> _How to complete this task_:
Once the line holding "Cat kneads golden" is written out, stop; begin at the first line of the material below and retype exactly, dropping pictures.

> _Record extracts_:
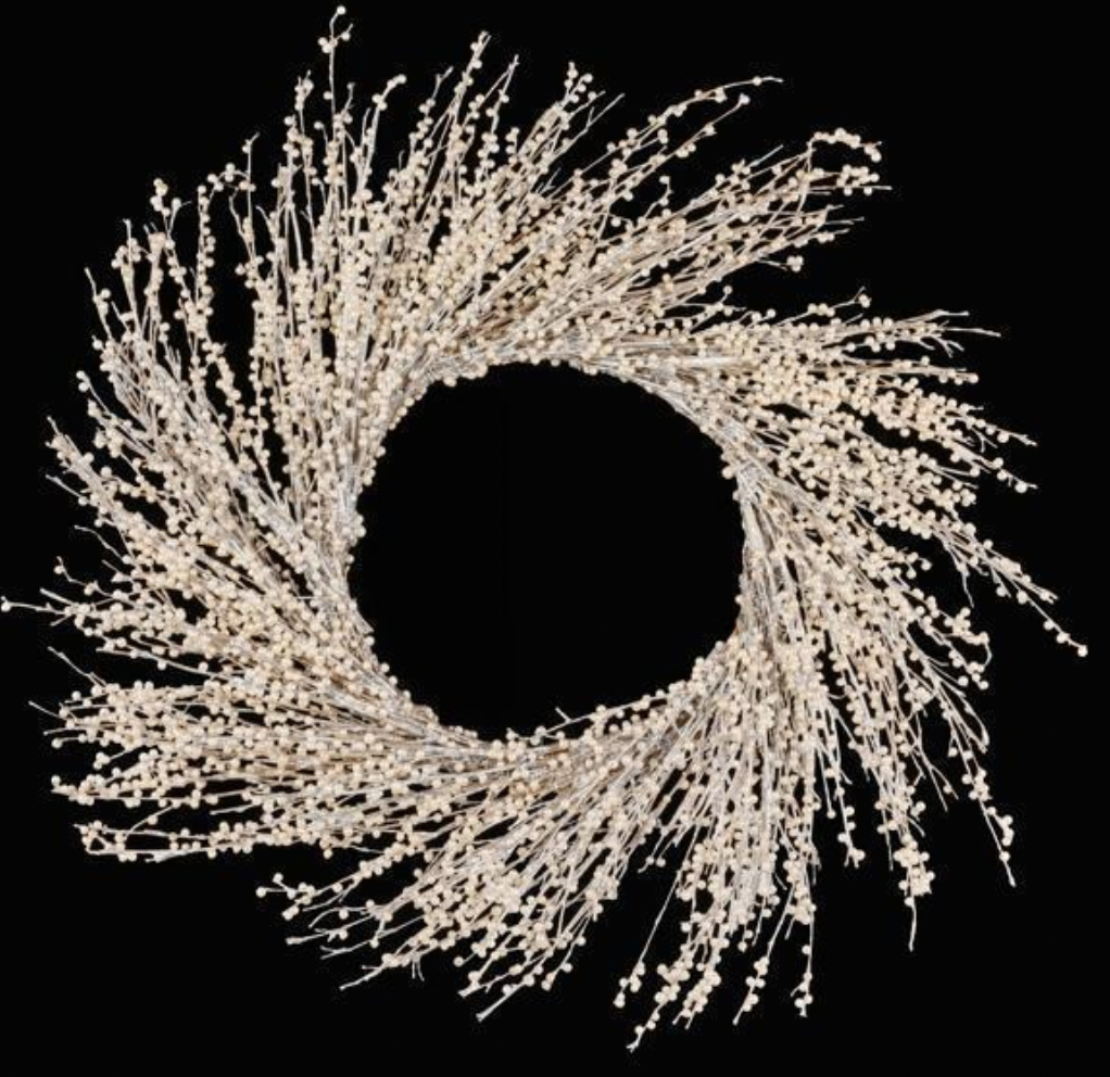 26"DIA DELUXE MINI BERRY TWIG WREATH IRIDESCENT WHITE
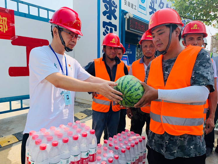 阮灝一行對工友表示慰問,向大家不畏高溫、辛勤工作表示感謝,叮囑大家要合理調(diào)整作息時間,確保身體健康,防止中暑,并為大家送來了西瓜、礦泉水等防暑降溫慰問品;同時要求項目負責人要加強安全管理,合理安排施工工期,在保進度、保質(zhì)量的同時,也要保障員工的身體健康,與監(jiān)理單位切實做好防暑降溫和安全生產(chǎn)工作。
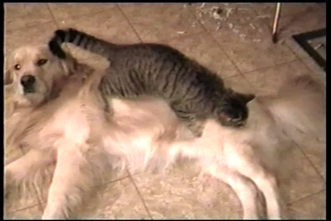 Cat kneads golden retrievers dog's chest. Look like he is hypnotizing him. Animal love.
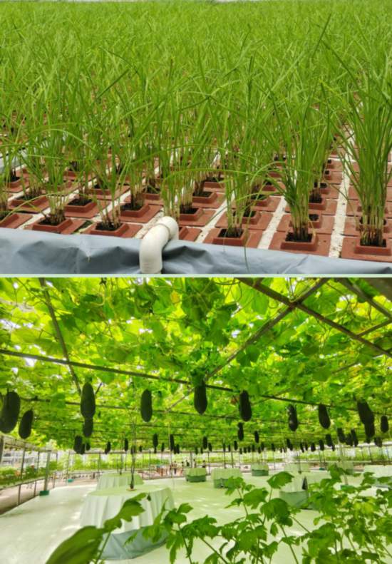高新無土栽培展示區重點展示推廣“之”字形管道、“回”字形管道、立體漏窗、垂直抱架等多種葉類菜立體栽培模式,茄果類、瓜類樹狀無土栽培技術,魚菜共生生態型無土栽培技術,三角及垂吊霧培技術等,實現無土栽培高新技術模式多元化,對現代農業種植具有引領示范作用。
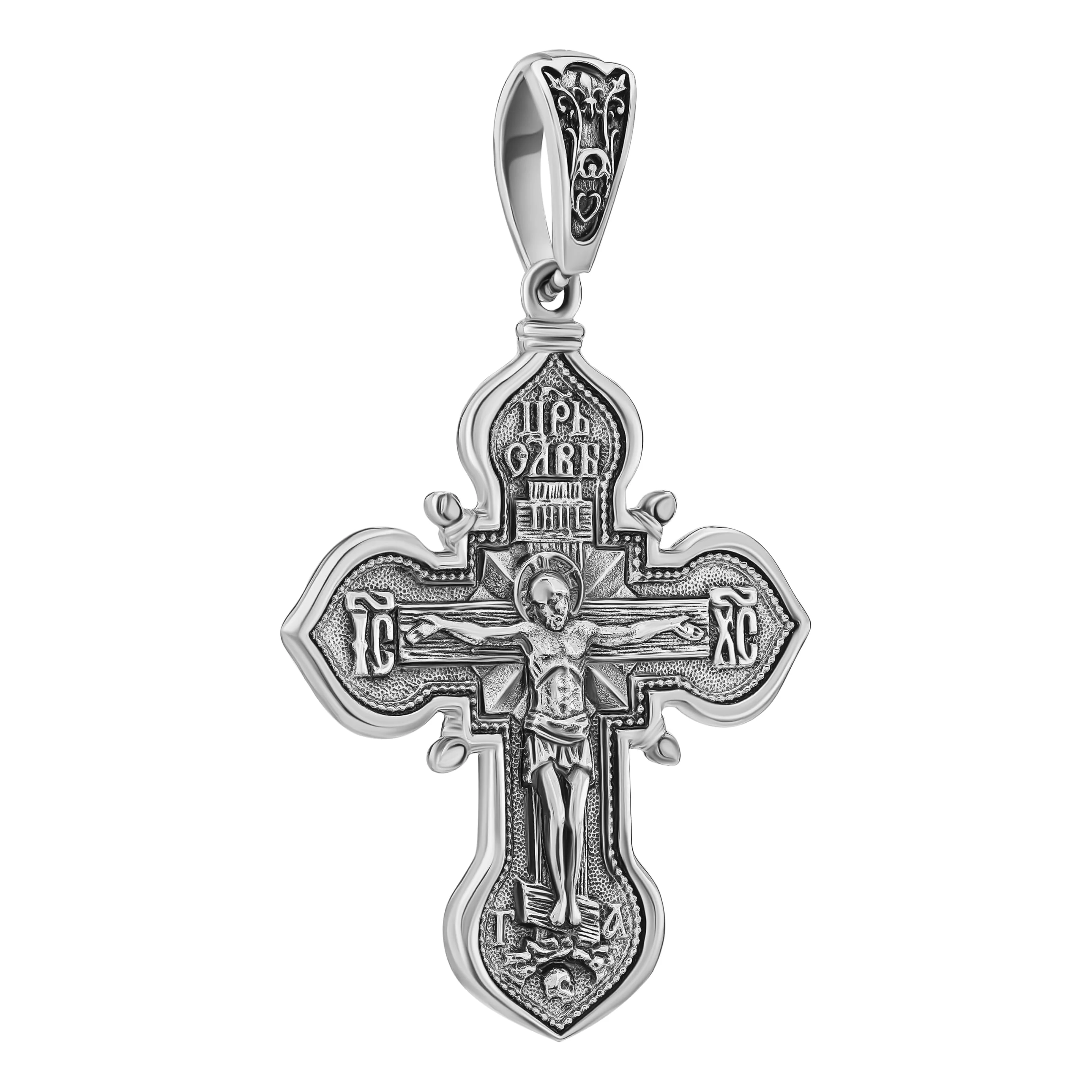 Крест из серебра "Иисус Христос" с чернением - 1982152

> _Output for this exercise_:
 26"DIA DELUXE MINI BERRY TWIG WREATH IRIDESCENT WHITE
 阮灝一行對工友表示慰問,向大家不畏高溫、辛勤工作表示感謝,叮囑大家要合理調(diào)整作息時間,確保身體健康,防止中暑,并為大家送來了西瓜、礦泉水等防暑降溫慰問品;同時要求項目負責人要加強安全管理,合理安排施工工期,在保進度、保質(zhì)量的同時,也要保障員工的身體健康,與監(jiān)理單位切實做好防暑降溫和安全生產(chǎn)工作。
 Cat kneads golden retrievers dog's chest. Look like he is hypnotizing him. Animal love.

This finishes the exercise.